**What you need to do**
The expected answer is the data below, printed verbatim without its pictures.

**Raw data**
=== Begin Enclosure ===

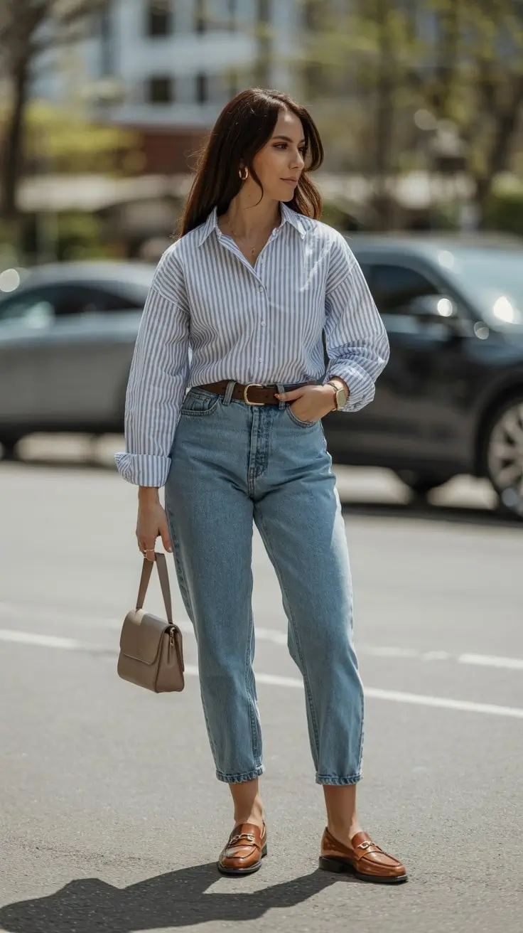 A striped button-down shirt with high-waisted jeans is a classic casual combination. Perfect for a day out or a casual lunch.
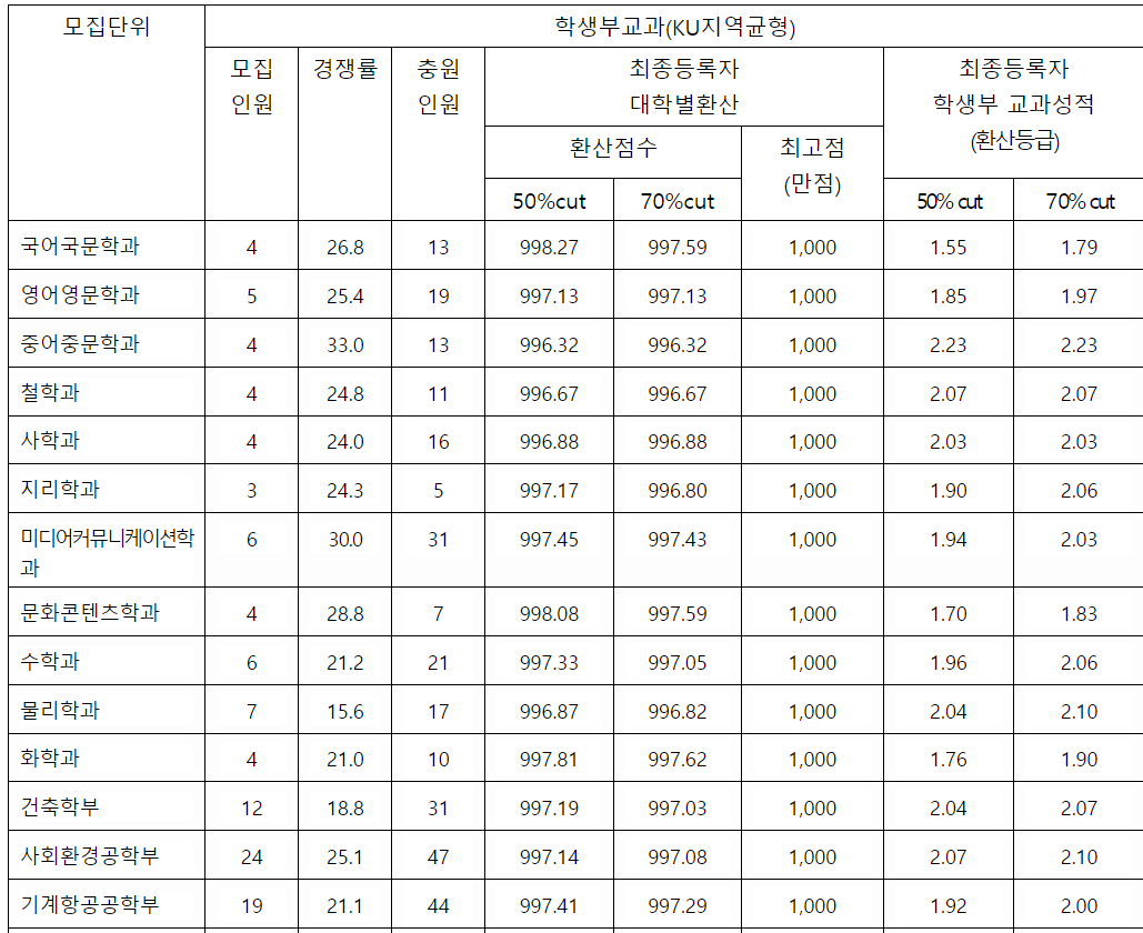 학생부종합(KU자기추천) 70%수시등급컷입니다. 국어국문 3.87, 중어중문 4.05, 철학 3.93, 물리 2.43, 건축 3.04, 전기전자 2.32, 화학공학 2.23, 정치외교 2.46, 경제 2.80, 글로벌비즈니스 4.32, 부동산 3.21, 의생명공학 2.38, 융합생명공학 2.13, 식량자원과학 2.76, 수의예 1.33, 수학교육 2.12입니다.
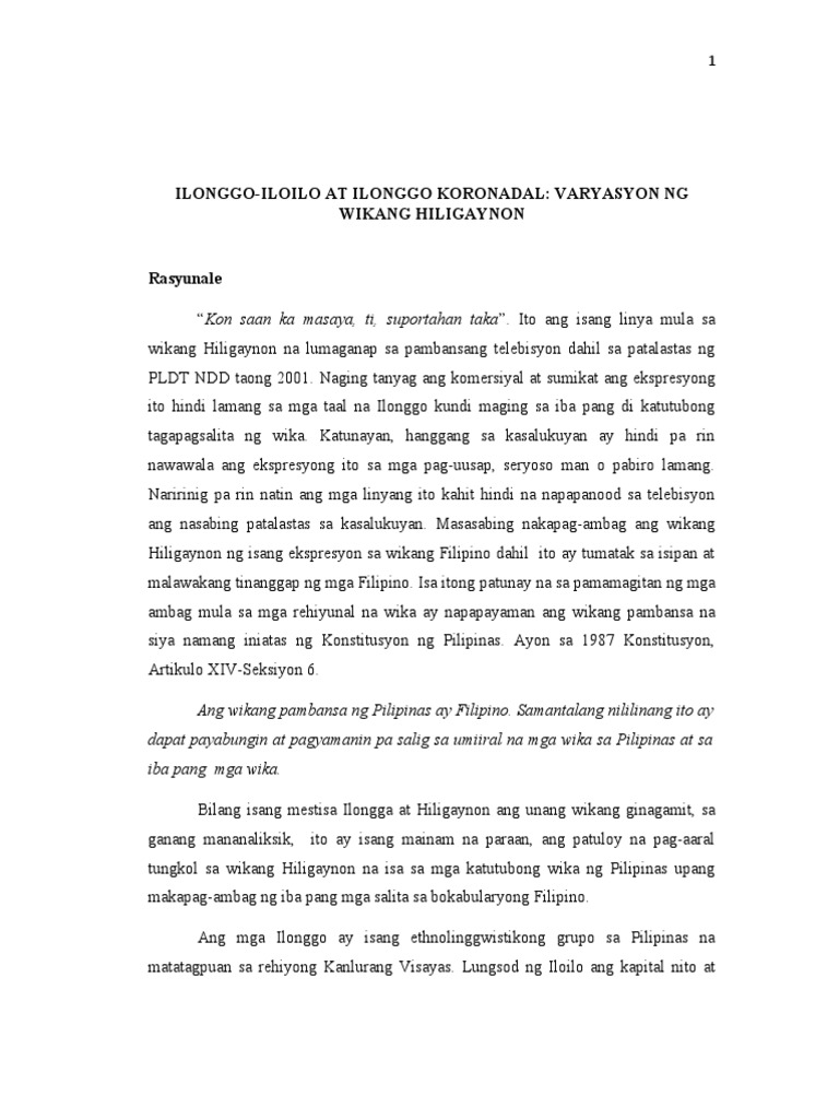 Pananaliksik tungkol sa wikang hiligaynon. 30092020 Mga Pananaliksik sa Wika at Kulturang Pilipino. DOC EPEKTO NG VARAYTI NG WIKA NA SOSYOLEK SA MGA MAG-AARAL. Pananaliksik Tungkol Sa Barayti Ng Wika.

=== End Enclosure ===

**Response area**
 A striped button-down shirt with high-waisted jeans is a classic casual combination. Perfect for a day out or a casual lunch.
 학생부종합(KU자기추천) 70%수시등급컷입니다. 국어국문 3.87, 중어중문 4.05, 철학 3.93, 물리 2.43, 건축 3.04, 전기전자 2.32, 화학공학 2.23, 정치외교 2.46, 경제 2.80, 글로벌비즈니스 4.32, 부동산 3.21, 의생명공학 2.38, 융합생명공학 2.13, 식량자원과학 2.76, 수의예 1.33, 수학교육 2.12입니다.
 Pananaliksik tungkol sa wikang hiligaynon. 30092020 Mga Pananaliksik sa Wika at Kulturang Pilipino. DOC EPEKTO NG VARAYTI NG WIKA NA SOSYOLEK SA MGA MAG-AARAL. Pananaliksik Tungkol Sa Barayti Ng Wika.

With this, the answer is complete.